While the concept of analytics has been around for a long time, it is now a strategic focus given advances in healthcare digitization. Capturing, storing, and acting on this exponentially expanding amount of clinical knowledge can spur growth in artificial intelligence, machine learning, and a learning health system.
Data reuse and continuous use
According to Harper, an important aspect of this envisioned Analytics Center of Excellence is the ability to reuse data for more than one purpose sometimes called secondary use. Unfortunately, that capability will not be enough to support cognitive analytics and augmented reality.

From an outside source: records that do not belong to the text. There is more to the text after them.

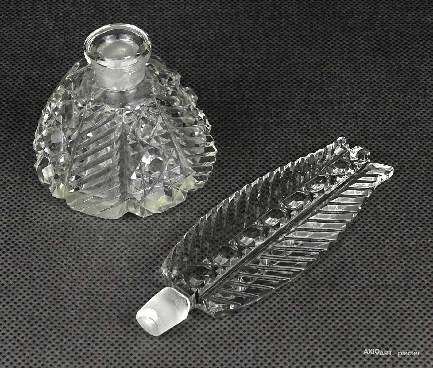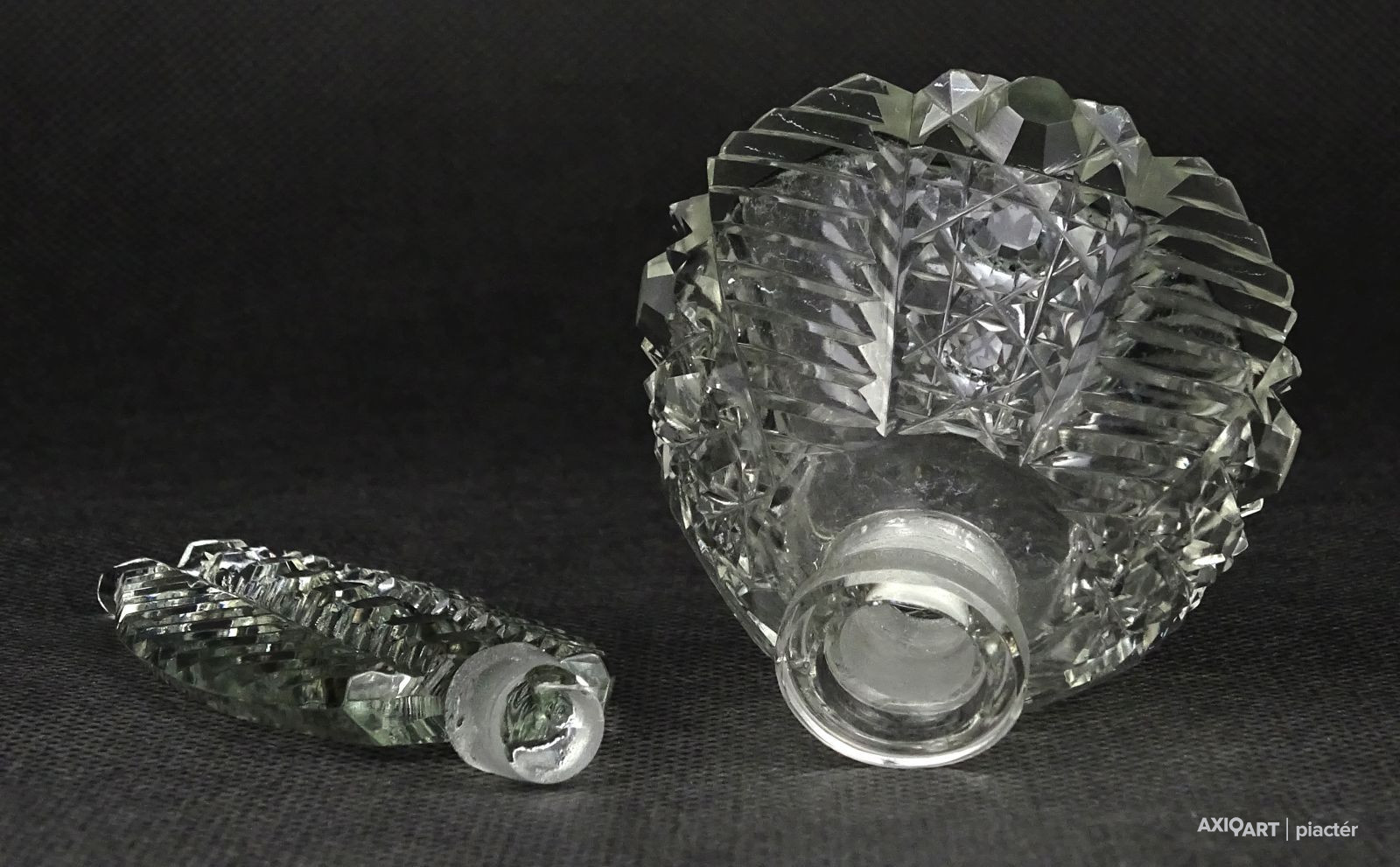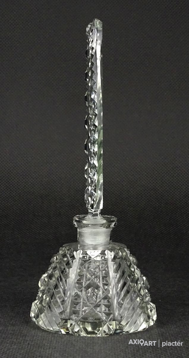 Gyönyörű, szép állapotú, csiszoltüveg parfümös üveg, hatalmas csiszolt üveg dugóval.
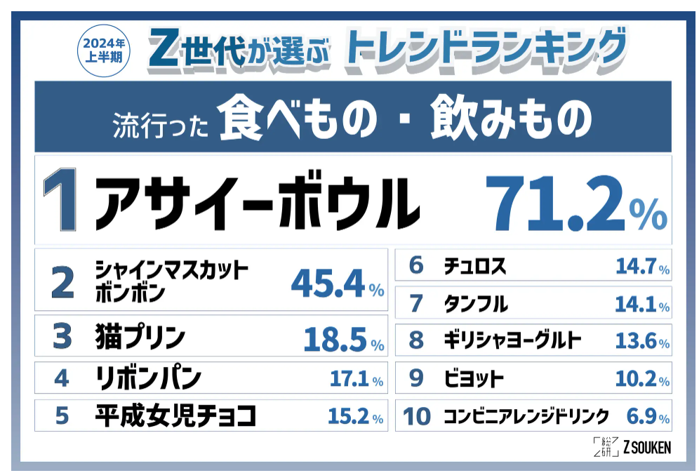 這次就帶大家來看看2024年上半年日本Z世代在關注的食物、流行語以及物品的前三名吧!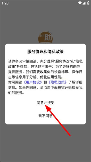 1、打开小小助会员,在弹窗中点击同意并接受选项。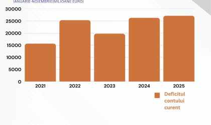 Deficitul contului curent al balanței de plăți a României s-a ridicat la 27,1 4 miliarde de euro, în primele 11 luni ale lui 2025, cu puțin peste 1 miliard de euro mai mult decât în perioada similară a lui 2024, arată Banca Națională a României (BNR). Mai simplu spus, din țară au ieșit cu 27 de miliarde de euro mai mult decât au intrat. Ca de obicei, cel mai mare deficit vine din comerțul cu bunuri, de la mâncare, electrocasnice și haine la utilaje, acolo unde am importat cu peste 18,4 miliarde de euro mai mult decât am exportat. Plusul substanțial, peste 10 miliarde de euro, vine din servicii, mai precis din transporturi, loan (textile mai ales) și servicii IT&C. Totuși, comparativ cu 2024 și chiar cu oricare dintre ultimii 5 ani, imaginea nu arată atât de rău.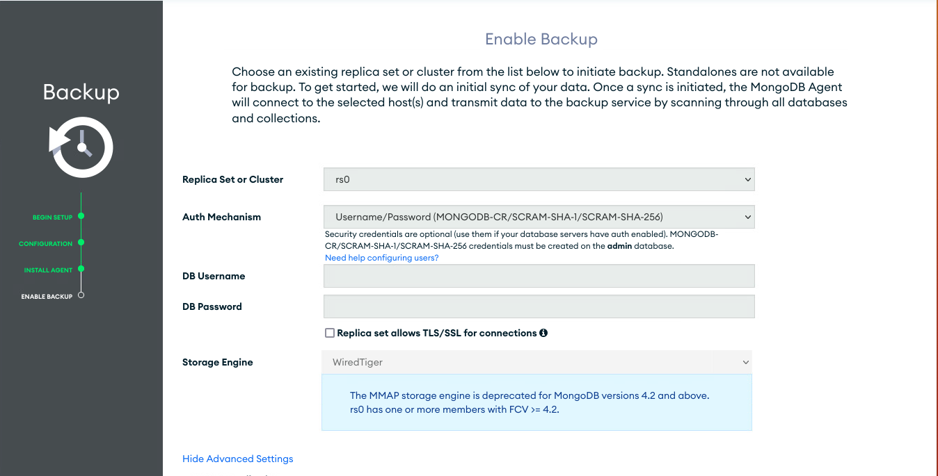 You’ll first be asked to enable a HEAD directory if you haven’t already done so. This can be done in Admin under the Backup Initial Configuration. The default directory is the dbpath of your replica set.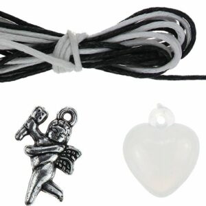 Бусины пластиковые, набор для изготовления украшений, белый тон, элементы — белый жемчуг диаметром 8 мм, серебряные бусины диаметром 8 мм, белые цветы 6х13 мм, подвески-сердечки пластиковые белые 15х18 мм, металлическая ракушка 9х20 мм, купидон 14х22 мм, двухцветная нить. . 30 г.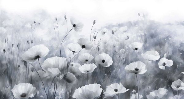 This dreamy scene captures the refinement of white poppies that seem to float against a bright, pastel blue sky. The brushstrokes are soft and flowing, creating a sense of freshness and tranquility. The delicate transition between the white petals and the calm blue tones adds depth and serenity to the design. The pattern is ideal for interiors that need a light and uplifting accent. Think of modern, minimalist spaces where the pastel blue background provides a refreshing contrast. In a coastal or beachy style, this design can contribute to the maritime atmosphere, especially when combined with light woods, white furniture, and subtle sea tones. This floral print fits well in bedrooms, bathrooms, or studies, where the soft blue hue gives a sense of space and calm. With accessories in silver or soft gray, you can emphasize the cool charm of this design, while additions in beige or cream enhance the warmth of the white poppies.

Those both require continuous use of data.
- “Data reuse” involves deploying a data asset and using it more than once for the same purpose.

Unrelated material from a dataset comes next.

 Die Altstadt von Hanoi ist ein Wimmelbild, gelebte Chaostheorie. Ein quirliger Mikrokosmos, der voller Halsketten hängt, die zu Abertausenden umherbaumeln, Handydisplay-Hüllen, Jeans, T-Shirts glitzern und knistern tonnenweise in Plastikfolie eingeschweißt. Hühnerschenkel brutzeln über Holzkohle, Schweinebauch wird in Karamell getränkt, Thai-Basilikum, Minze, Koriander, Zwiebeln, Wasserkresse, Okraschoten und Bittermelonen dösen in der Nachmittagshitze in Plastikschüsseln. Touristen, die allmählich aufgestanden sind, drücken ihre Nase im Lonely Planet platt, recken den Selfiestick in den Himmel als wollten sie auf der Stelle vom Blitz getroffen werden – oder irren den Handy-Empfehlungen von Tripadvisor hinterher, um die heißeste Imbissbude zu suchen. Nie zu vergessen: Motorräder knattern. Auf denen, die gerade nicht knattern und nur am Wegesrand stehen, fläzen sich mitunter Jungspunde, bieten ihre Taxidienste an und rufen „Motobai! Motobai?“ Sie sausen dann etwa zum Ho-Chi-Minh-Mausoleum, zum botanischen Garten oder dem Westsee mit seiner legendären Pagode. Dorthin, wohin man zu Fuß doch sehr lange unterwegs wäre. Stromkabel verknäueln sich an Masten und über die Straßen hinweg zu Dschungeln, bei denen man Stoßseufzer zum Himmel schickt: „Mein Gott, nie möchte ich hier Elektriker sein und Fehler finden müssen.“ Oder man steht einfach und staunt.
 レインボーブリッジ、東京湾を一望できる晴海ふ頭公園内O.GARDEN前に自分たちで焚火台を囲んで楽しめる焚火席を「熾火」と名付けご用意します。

- “Continuous use” involves deploying a data asset previously used for one (or more) specific purpose(s) and using that data set for a completely different purpose.

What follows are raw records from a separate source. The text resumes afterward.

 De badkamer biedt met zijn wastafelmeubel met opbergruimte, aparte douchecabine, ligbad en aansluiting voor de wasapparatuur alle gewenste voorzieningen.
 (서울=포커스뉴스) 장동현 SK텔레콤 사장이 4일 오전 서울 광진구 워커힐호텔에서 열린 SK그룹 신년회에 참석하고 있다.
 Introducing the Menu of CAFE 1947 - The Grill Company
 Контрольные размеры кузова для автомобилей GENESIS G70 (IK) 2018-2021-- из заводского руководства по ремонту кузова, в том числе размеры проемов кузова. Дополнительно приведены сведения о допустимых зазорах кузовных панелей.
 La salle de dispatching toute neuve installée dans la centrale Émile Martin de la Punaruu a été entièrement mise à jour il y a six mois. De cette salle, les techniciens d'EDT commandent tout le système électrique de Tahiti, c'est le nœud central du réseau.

For example, Haper writes: ‘If we have an application that uses a lab value to generate a clinical decision support recommendation to adjust a medication dosage and then later in the day uses the same lab value to predict a readmission, that would be defined as “reuse.”
On the other hand, taking the same lab value combined with other clinical data to calculate the acuity of the patient and need for nurse staffing would be an example of repurposing that data, i.e. continuous use.
It is important not to confuse the concepts of continues use and continuous data. Continuous data is information that can be measured on a continuum or scale. It can have almost any numeric value and can be meaningfully subdivided into finer and finer increments, depending upon the precision of the measurement system.
Role of government
The governance aspects for multiple instances of reuse and continuous use mandate assessing data quality requirements. Are all the quality expectations going to be identical? Alternatively, when a data set is repurposed, whose responsibility is it to document data quality rules and acceptability thresholds as well as integrate validation of the data into upstream processes? More importantly, what does one do if the repurposing of the data is very far from origination?
Encouraging reuse and continuous use
In conclusion: in order to realize big data benefits in healthcare, the reuse and continuous use of data should be encouraged for scientific enquiry and debate, promoting innovation and potential new data uses, Harper states. This way the cost of duplicating data collection can be reduced, while increasing the impact and visibility of research.